Time something like 1000 or 10000 and print the total time afterwards.

Writing to EEPROM takes 3.3mS, so I'd no to that.
Using a pulsed output and oscilloscope would be best. Or a logic analyzer for the same measurement.
I was able to get 45 bytes refreshed at 20 KHz rate using SPI transfer - watching on a logic analyzer showed disruptions which I was able to determine were coming from the millis/micros interrupt. Turning off all interrupts while I blasted out 45 bytes 325 times in a row let me keep the 20 KHz rate - the 45 transfers took 47.8uS (17 clocks per SPI transfer), leaving 2.2uS to check an input pin and set a pointer to the next 45 byte block in the 14,625 byte array (Atmega1284P!) holding the data to go out.

MarkT,
Sorry, just to clarify - do you mean you could count the timing into a variable, then start Serial.begin from within the loop only after a specific number of readings have been taken?

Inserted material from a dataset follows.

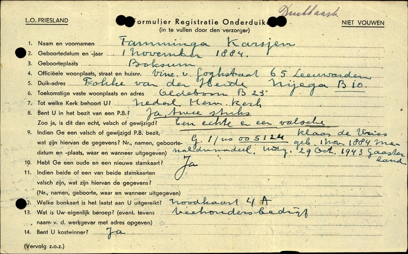 Duikadres: B 10, Nijega (Gem. Smallingerland) - Oorspronkelijk adres: Vincent van Goghstraat 65, Leeuwarden - Reden onderduik: illegaal werk - Overige opmerkingen: Bijzondere opmerkingen: 2 PB's .Ook een valsch. Door de Duitsers gezocht.

I had always assumed Serial.begin was always placed in Setup, but sounds cool if it can be started from within Loop. I will give it a try.

CrossRoads,
Thanks - very valuable information.

Dumb question - can you take your timing marks and print them after you are done measuring?
Or if you are after free time - measure busy time and figure out the free time?

Vaclav,
On the first point, I think that's what MarkT was suggesting,
On the second point, how would you go about measuring the busy time?

archiebald:
Vaclav,
On the first point, I think that's what MarkT was suggesting,
On the second point, how would you go about measuring the busy time?

I do not get your second question, maybe show in your code the "busy time" .

Can yu do somting liek this

loop()
{
start time = millis();

time whatever process

end time = millis();

Serial.print( end time - start time );

... rest of the loop process

}

Okay Vaclav, I got it when you clarified it thanks.

Just for feedback info I managed to get a little pocket DSO* to measure the speed. Using digital write on pin 10, the loop was measured at around 30kHz which improved to around 62kHz by changing everything to direct port addressing. I still have couple of digitalRead statements in there - not sure if they slow things down at all.

Just for giggles, here is the code with port addressing - if anyone has any comments I'd be happy to hear them.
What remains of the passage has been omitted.